- WHAT THE EXERCISE ASKS
After finding "A photorealistic close-up" in the material below, output its line and every line after it through the last, exactly, but not the pictures.

- DATASET EXCERPT
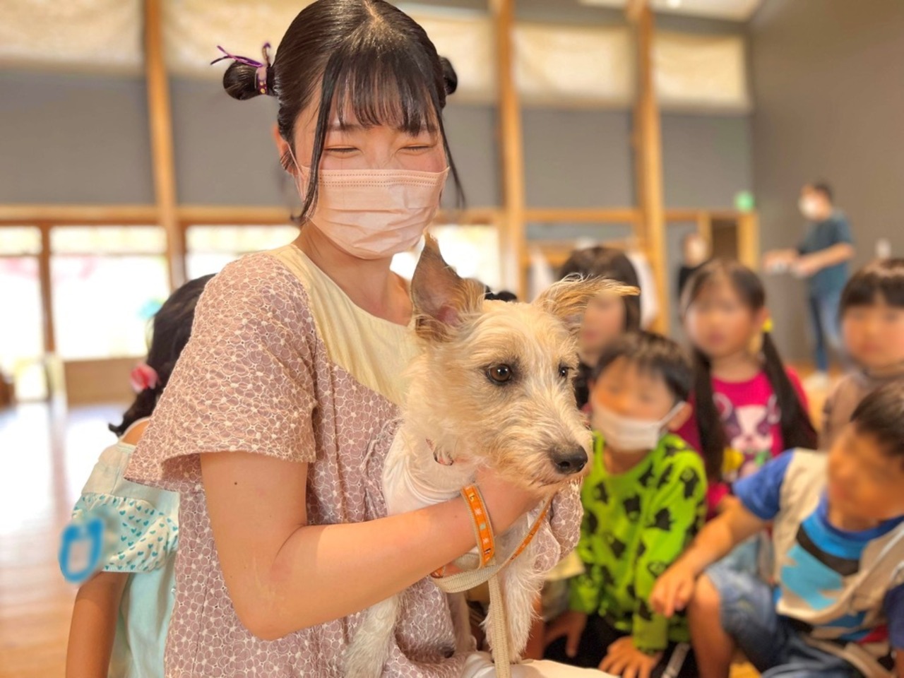 わんちゃんと接する上での大切なお話や、音と普段取り組んでいる訓練の様子、音楽に合わせたドッグダンスをさせて頂きます。
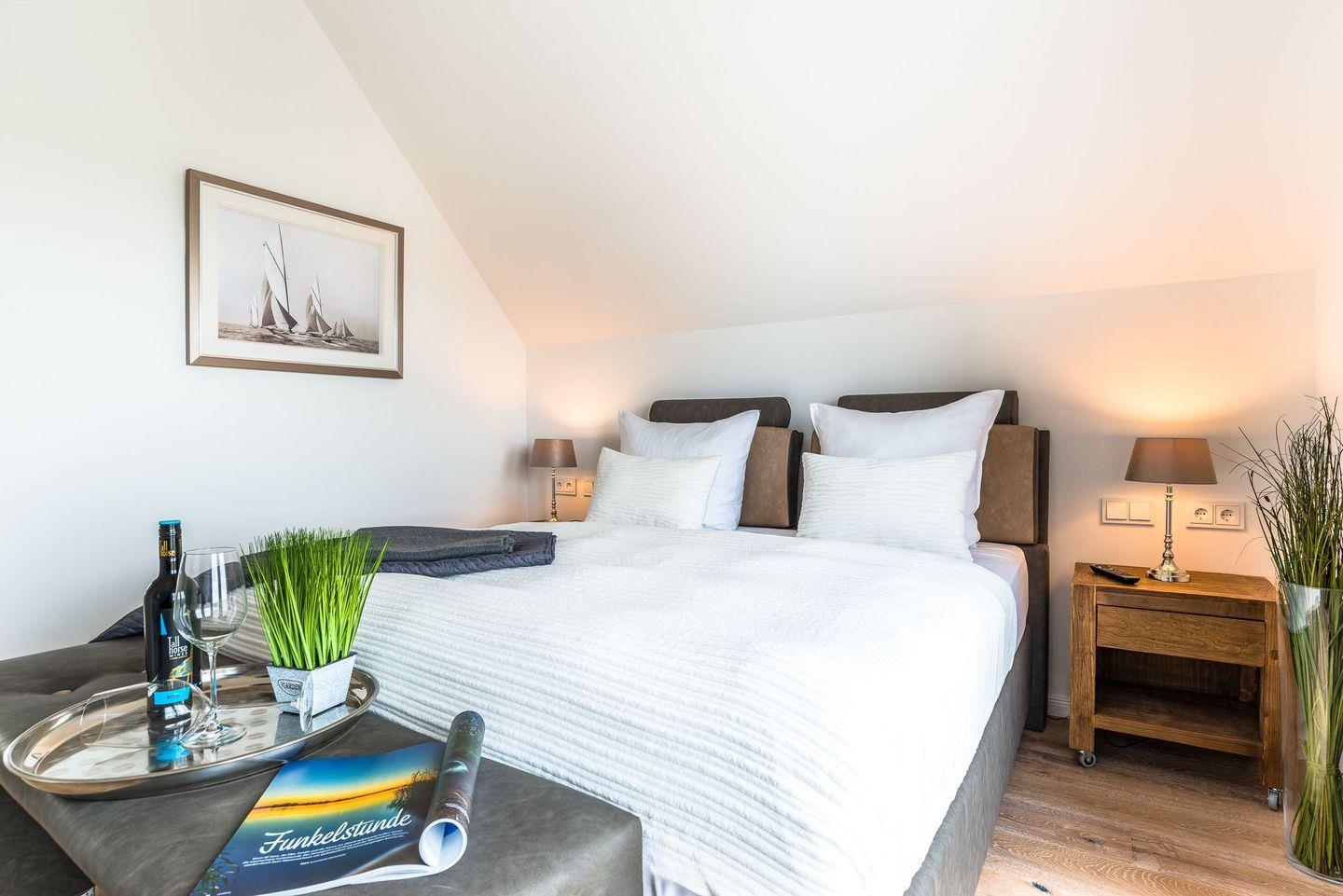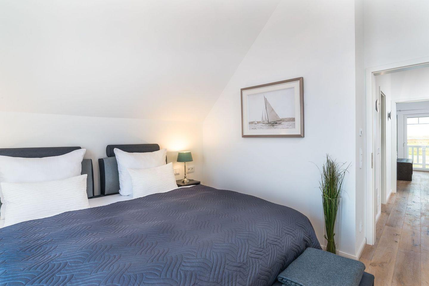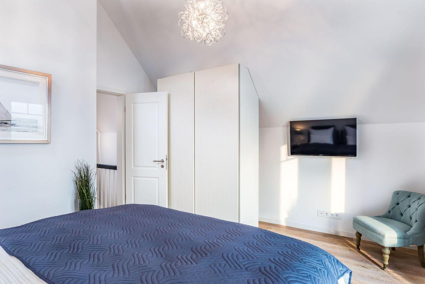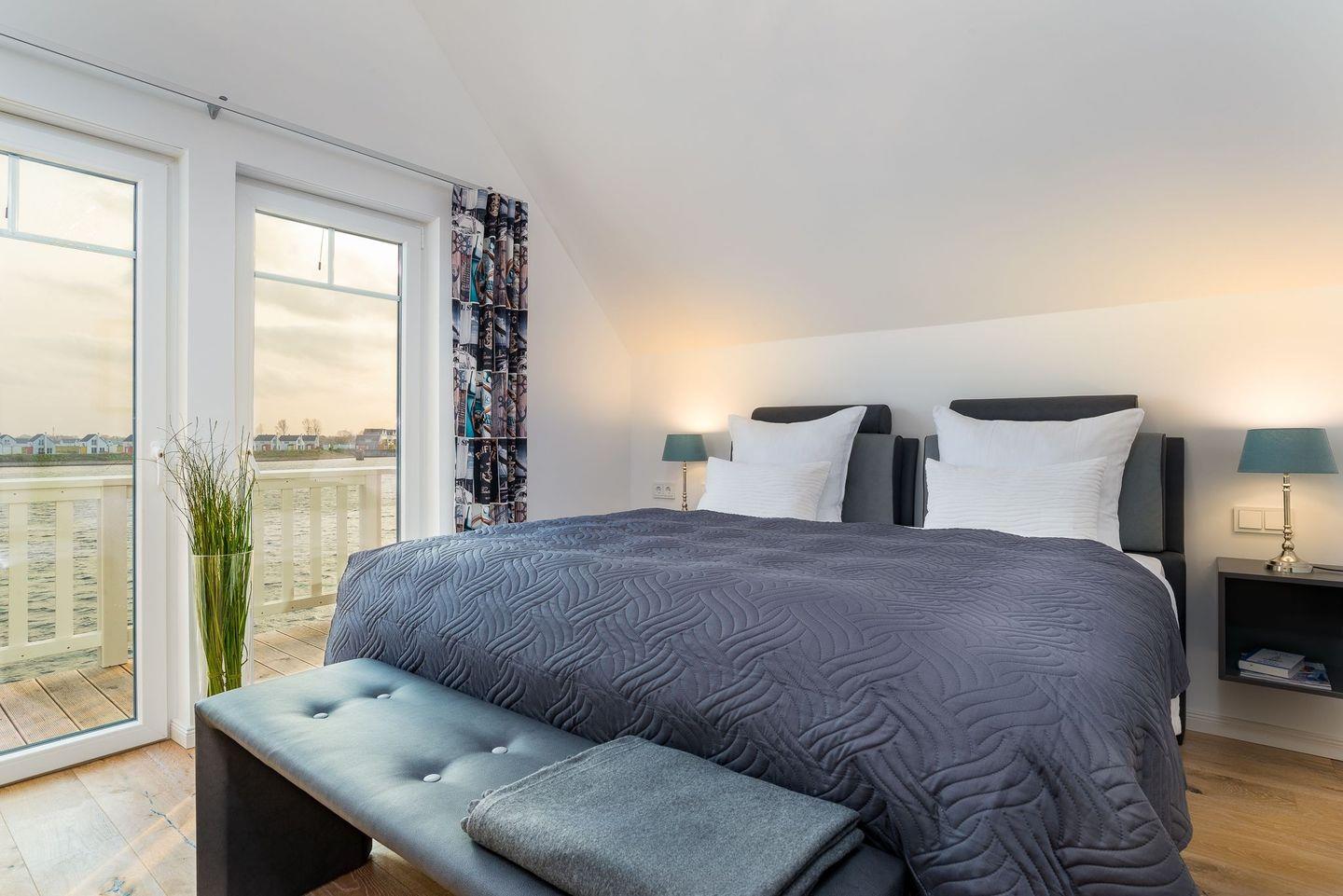 Im Obergeschoss befinden sich zwei Schlafzimmer mit hochwertigen Boxspringbetten (1,80 x 2,00 Meter) aus einer Bettenmanufaktur. Beide Schlafzimmer verfügen über einen eigenen TV sowie jeweils einen Balkon mit Blick auf das Wasser. Das Badezimmer bietet eine ebenerdige Dusche, einen Waschtisch, eine Badewanne, ein WC sowie eine finnische Sauna. Ein Bluetooth-Lautsprecher steht für musikalische Unterhaltung bereit. Ein weiteres WC befindet sich im Erdgeschoss.
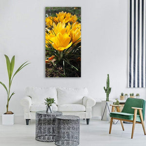A photorealistic close-up of yellow crocuses, with delicate petals, thin green stems and a hint of grass, soil and fallen leaves. The image captures a fresh, vibrant spring mood through warm yellow, green and brown tones. It suits modern or nature-inspired room decor and brings subtle botanical energy to walls.
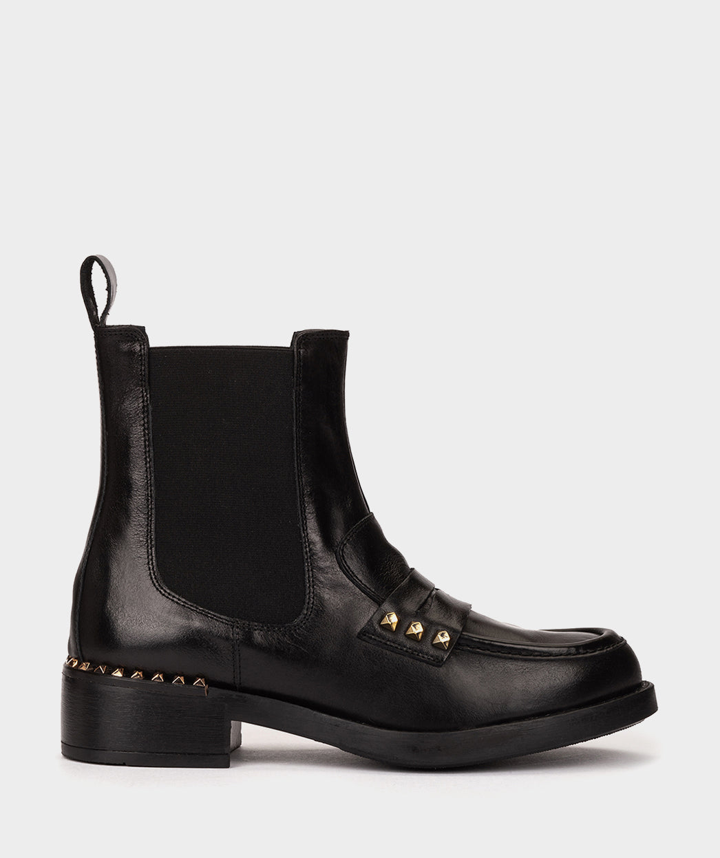 Schwarze Lederstiefeletten. Dieses Modell kombiniert das Beste von Mokassins mit dem Komfort und der Unterstützung von Stiefeletten. Dank des seitlichen Gummibands können Sie es leicht anziehen.

- REPLY
A photorealistic close-up of yellow crocuses, with delicate petals, thin green stems and a hint of grass, soil and fallen leaves. The image captures a fresh, vibrant spring mood through warm yellow, green and brown tones. It suits modern or nature-inspired room decor and brings subtle botanical energy to walls.
 Schwarze Lederstiefeletten. Dieses Modell kombiniert das Beste von Mokassins mit dem Komfort und der Unterstützung von Stiefeletten. Dank des seitlichen Gummibands können Sie es leicht anziehen.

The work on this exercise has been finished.